Lightning on aircraft
Does lightning strike an aeroplane in flight?
If not, what is the reason?
Sujitha, Chennai
Nothing prevents lightning from striking an aircraft during flight. It is the metallic or conducting surface that protects the aircraft. When a lightning strikes the aircraft, the large electric discharge current gets thinly spread over the conducting surface of the aircraft and gets out from some other part of the surface of the aircraft. The physics behind this shielding as well as electromagnetic shielding is called Faraday Cage Effect.

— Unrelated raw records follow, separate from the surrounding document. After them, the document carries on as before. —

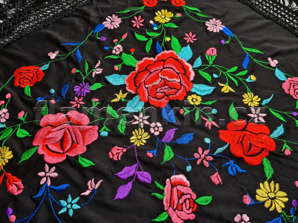 Černý trojcípý šátek s barevnou výšivkou ANF
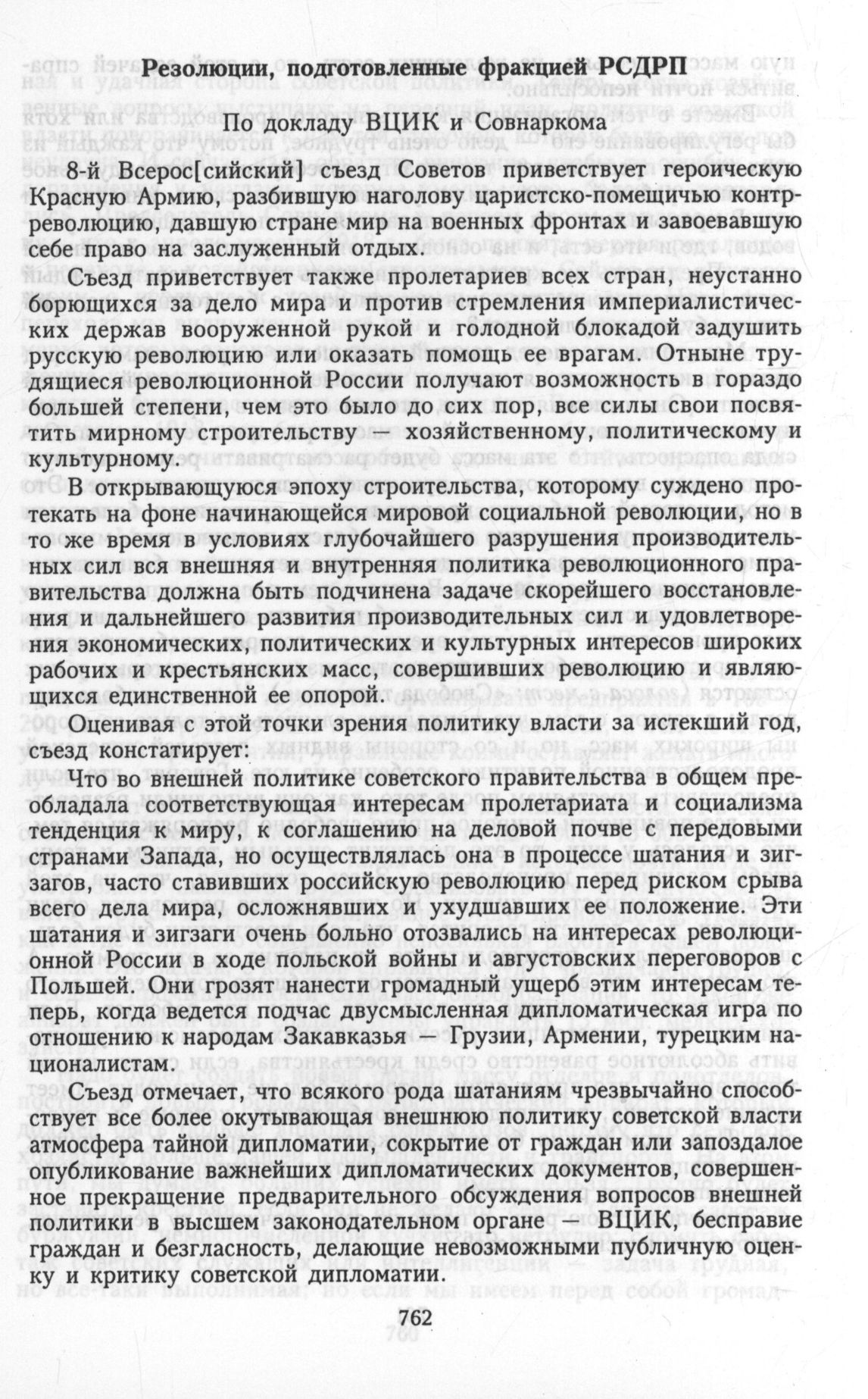 Из материалов VIII Всероссийского съезда Советов. Москва, 22 — 29 декабря. Резолюции, подготовленные фракцией РСДРП. По докладу ВЦИК и Совнаркома
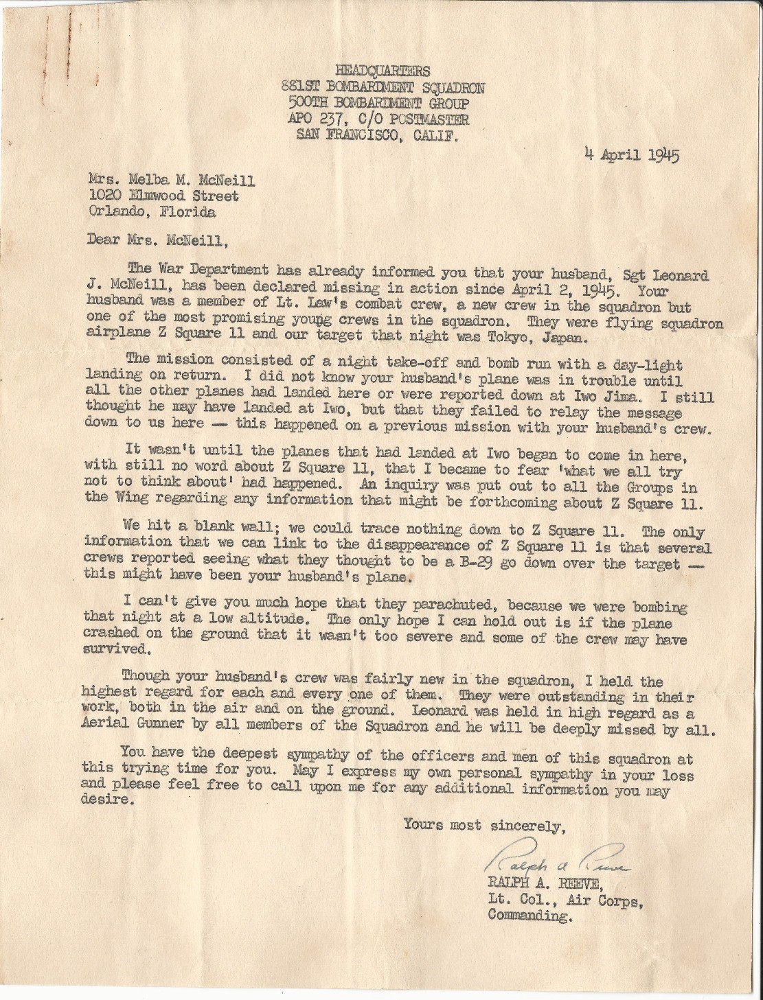 Except for a letter handwritten by Mrs Melba McNeill, all the correspondence

Fuel tanks are vulnerable and will explode if there are electrical discharges inside the tank. Further, the fast flowing current through the surface will induces currents in the electrical circuits of aircraft and play havoc. Fortunately, fuel tanks, electrical circuits and passengers inside are well shielded from lightning current by a suitable design of conducting surfaces of the aircraft.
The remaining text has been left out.